P1767R0: Packaging C++ Modules

1. Problem

A C++ project (a program or library) typically has dependencies on libraries provided by third parties. When using those libraries, the build system of the project needs to be aware of how to make the dependencies visible to the build of the project.

In C++17 and before, there are a number of necessary pieces for using such a dependency, typically including:

A set of include paths
A set of predefined compiler macros
A set of libraries to link against

... and possibly other things too.

In C++20, this becomes more complicated, because in general we additionally need to build module interfaces and header units as part of the build of the project. Some build-system-independent mechanism for providing this information would be highly valuable.

2. Scope

There are (at least) three different levels at which C++ code is distributed:

Source distribution (eg, I download your library from github, or I check out a project that I intend to hack on)
Precompiled library distribution to developers (eg, I install a package with a package manager, or I build a library that I downloaded and install its built components somewhere for later use by other code)
Binary-only distribution to end-users (eg, the product made available for download on some company’s website)

This paper is concerned primarily with the second level.
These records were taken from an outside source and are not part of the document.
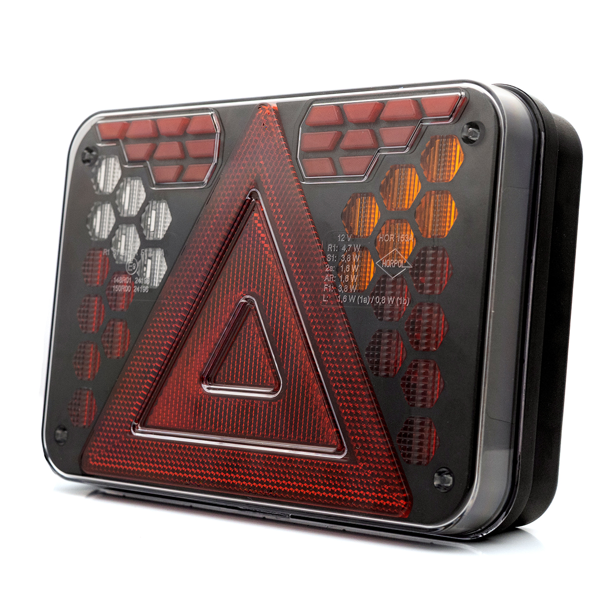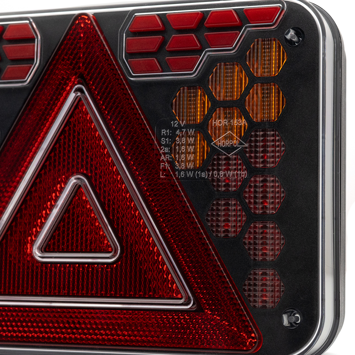 HORUS LZD 3216 ist eine moderne Rückleuchte, die für Auto-, landwirtschaftliche und Spezialanhänger konzipiert ist, kompakt dimensioniert und mit maximaler Haltbarkeit im Blick. Das Design der Lampe basiert auf einzelnen, präzise geformten geometrischen Modulen, die vor dem Hintergrund des tiefen Schwarzes des Körpers eine kohärente und wirkungsvolle Lichtkomposition erzeugen. Das Ganze ist mit einem langlebigen, transparenten Polycarbonat-Lampenschirm geschützt, der gegen mechanische Schäden und Arbeiten in schwierigen Umgebungen resistent ist.
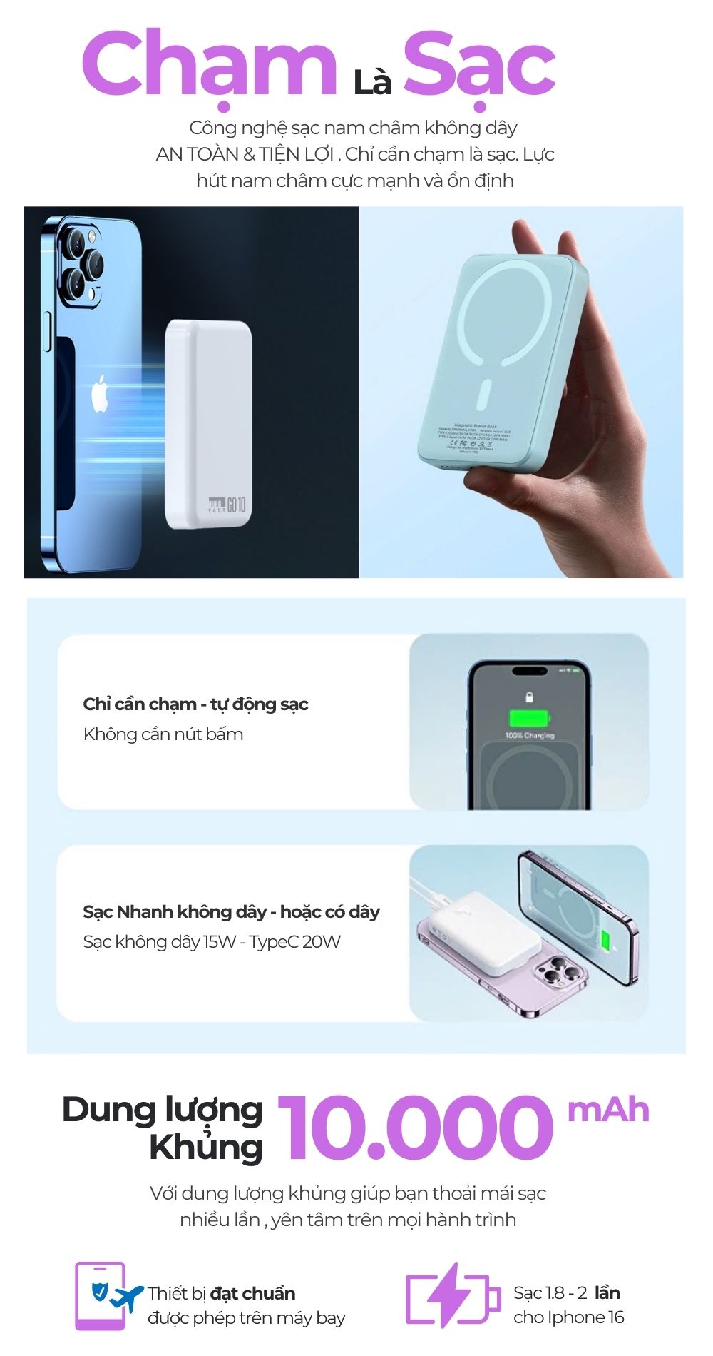 ✔️ Chạm Là Sạc - Sạc không dây từ tính tiện lợi, chỉ cần chạm là sạc.
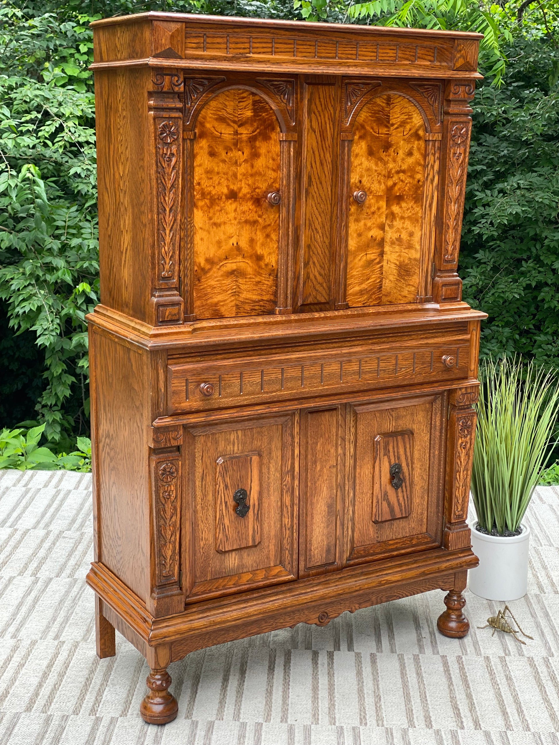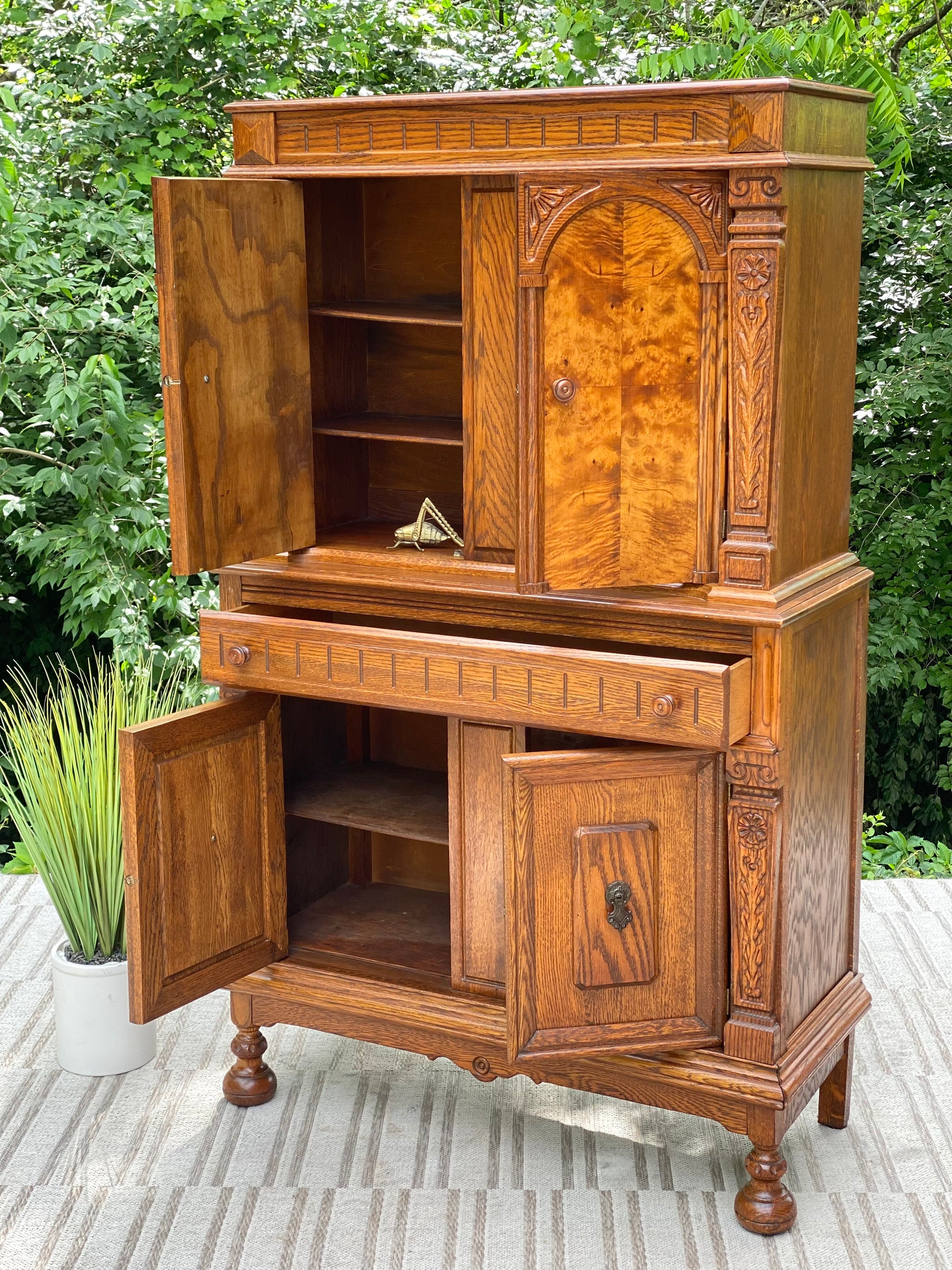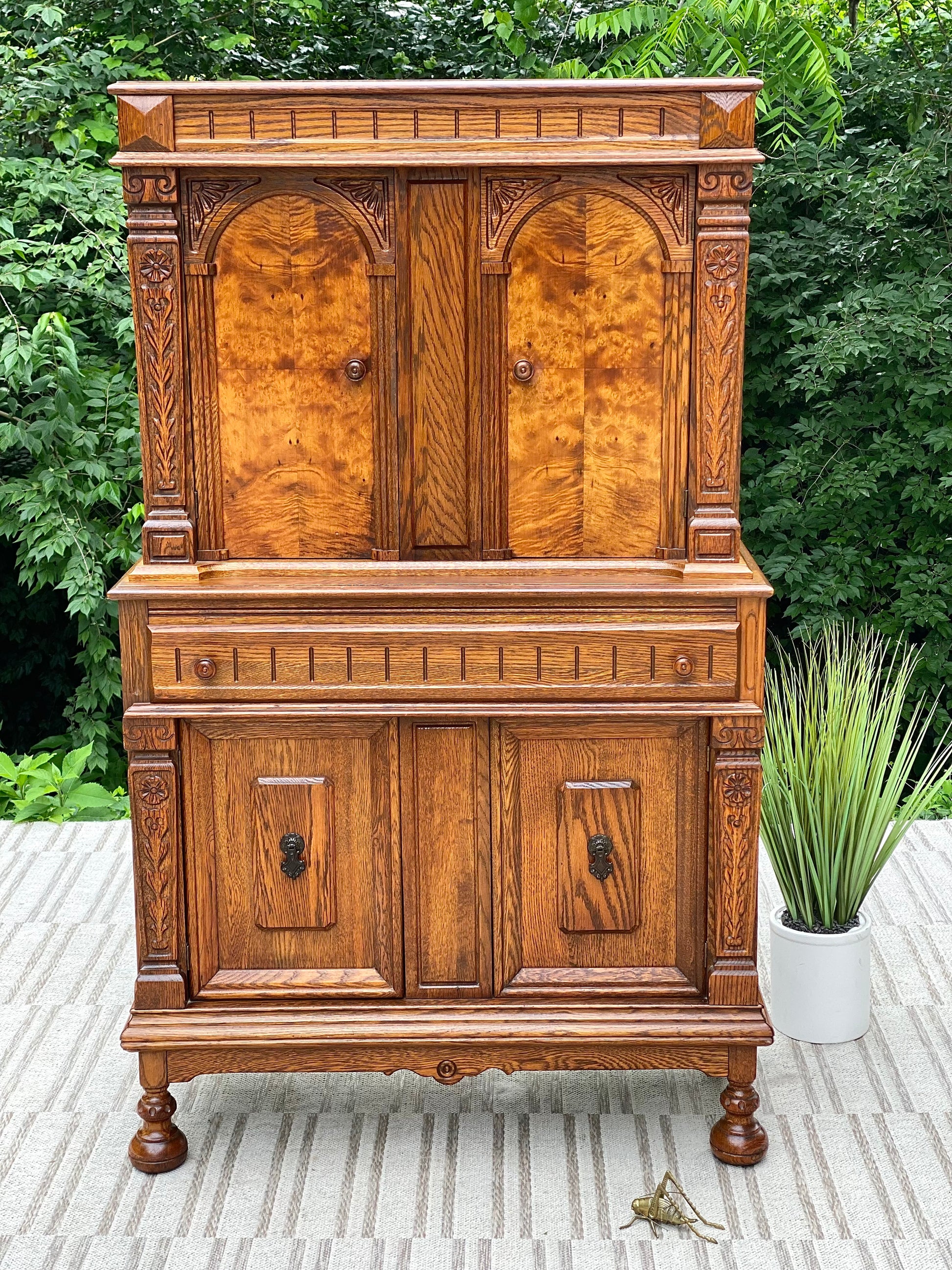 SOLD - Fresh find! 🌱🪴 We love the vibe of this antique walnut tall cabinet. Burlwood fronts and plenty of drawer and cabinet space. Very unique look! 64” x 38” x 17” Good condition
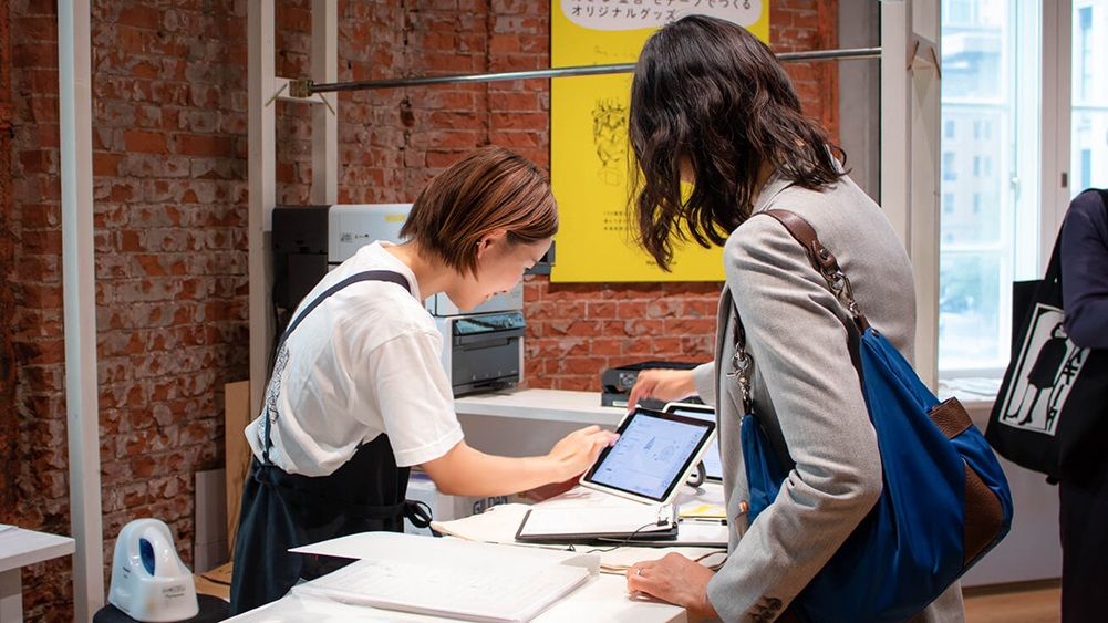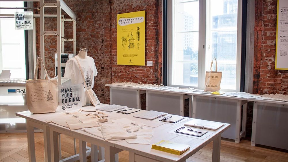A workshop planned with the same theme was set up in the last room of the exhibition where visitors could make their very own items featuring the work of Tatsuno Kingo. The membership-based, shared-factory Makers' Base that runs popular workshops in Tokyo organised the event, and Roland DG provided the BT-12 direct-to-garment printers that are capable of printing on cotton-based fabrics.
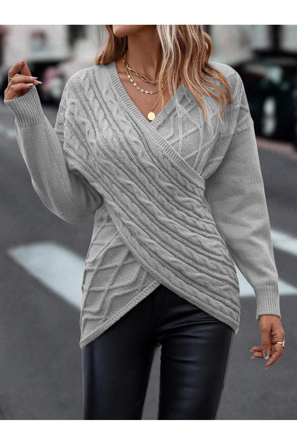 Kruvaze Yaka Yürütme Desenli Saç Örgülü Triko Kaza Kırmızı Kruvaze Yaka Yürütme Desenli Saç Örgülü Triko Kaza Kırmızı hnp-kruvaze XL
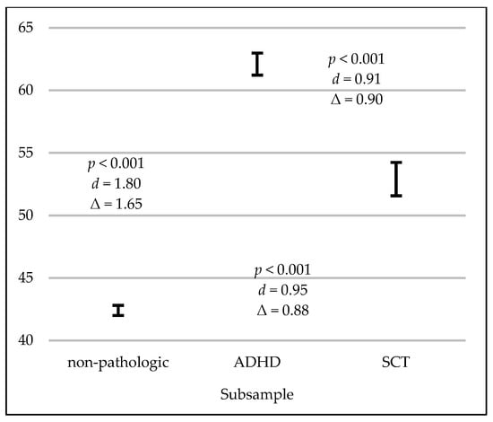 Regarding the statistically significant differences between the non-pathologic group and the SCT group, first, a small effect size was detected in the subscale for Emotional Self-Regulation and a medium effect size for Self-Motivation. Comparing the clinical groups (ADHD and SCT) with each other, significant differences were found with a large effect size for Emotional Self-Regulation and a medium effect size for Self-Motivation. As in the investigations of Barkley [21], Burns and Becker [49], the emotional and motivational control problems of the SCT group were statistically lower than those of the ADHD group, in both cases coming closer to the score of the non-pathologic group. As in Burns and Becker’s publication [49], emotional and motivational management difficulties were the least relevant in the SCT group compared to other executive domains.
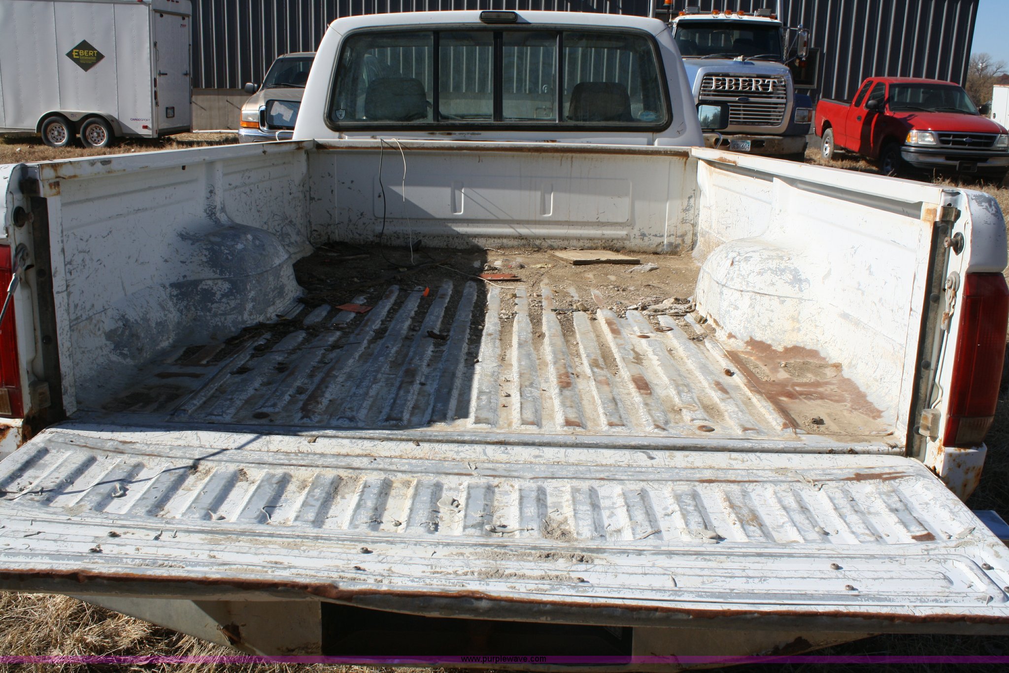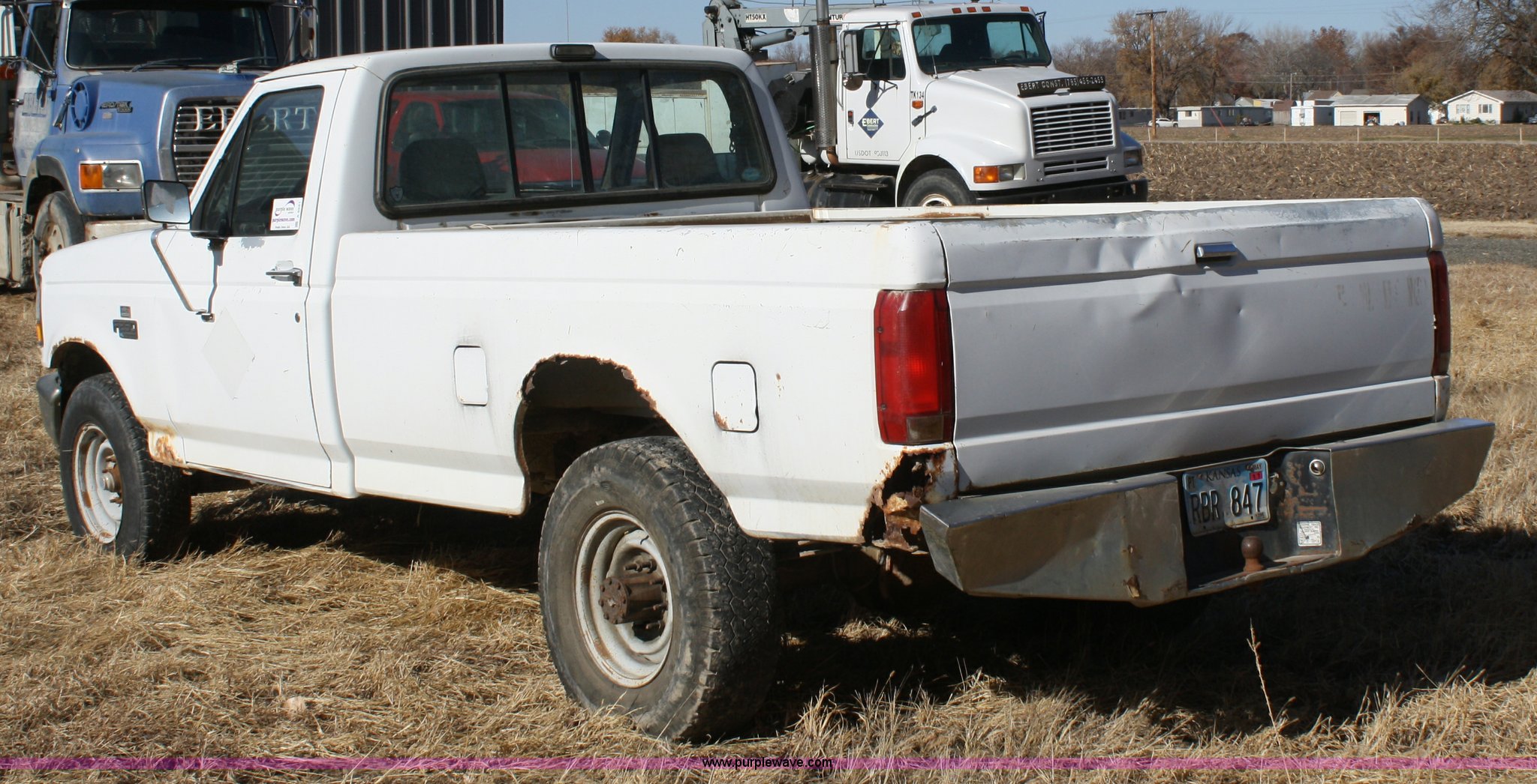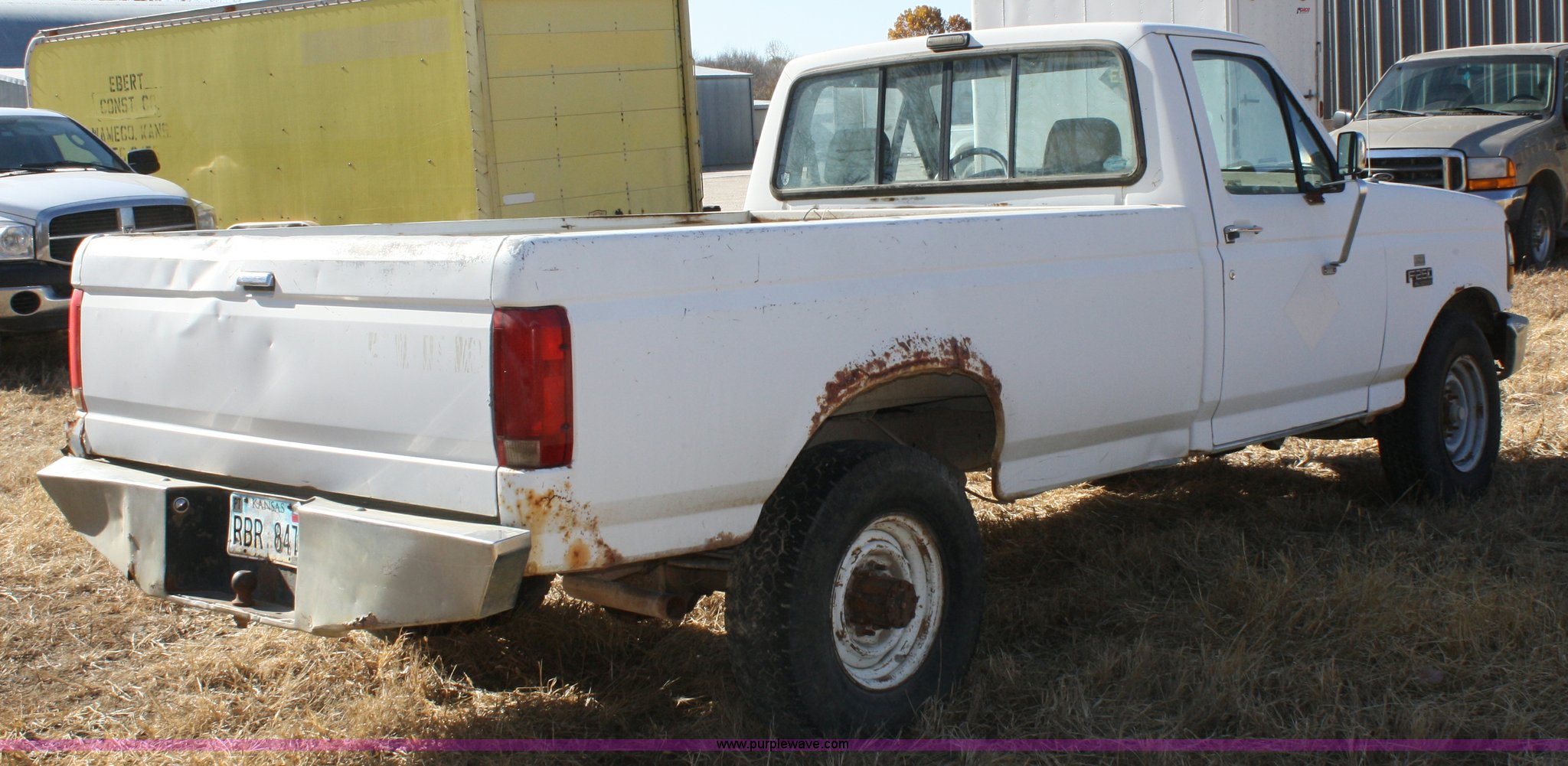 1993 Ford F250 XL pickup truck. Mileage unknown, 4.9L I6 EFI gas engine, Five speed manual transmission, 265/75R16 tires, Heat and AC, AM/FM, Manual windows and locks, Vinyl interior, Dead battery, Starter issues, Has not been used in approx. two years, EID P93. 1FTHF25Y4PNA51039. Shipping quotes available. Ebert Construction Co., Inc.. 103 W. Valley St.. Wamego, KS 66547

While its approach has implications for the first and third level, the intent is to not constrain the build systems and development techniques used for package maintainers nor the ways in which C++ projects are distributed and installed on end-user systems.

This paper doesn’t intend to provide or describe a complete, finished solution for any of the problems it touches upon. Instead, the hope is that this provides a venue for discussion of this approach that might lead to a more concrete finalized solution.

3. Approach

3.1. Packages

A package is a collection of C++ file system artifacts that are built and installed together in a specific build configuration. A package typically contains:

A package manifest
Some translated translation units, in the form of prebuilt libraries (.lib / .a / .dll / .so / .dylib / ...),
Some module interface units
Some header units
Some textual header files

(It would be possible to ship some compiler-specific module representation ("CMI") files for a specific compiler along with a package, and this is not precluded by the model of a package. However, such files should be thought of as strictly an optional extra that does not replace the necessity to provide sources for module interfaces and header units.)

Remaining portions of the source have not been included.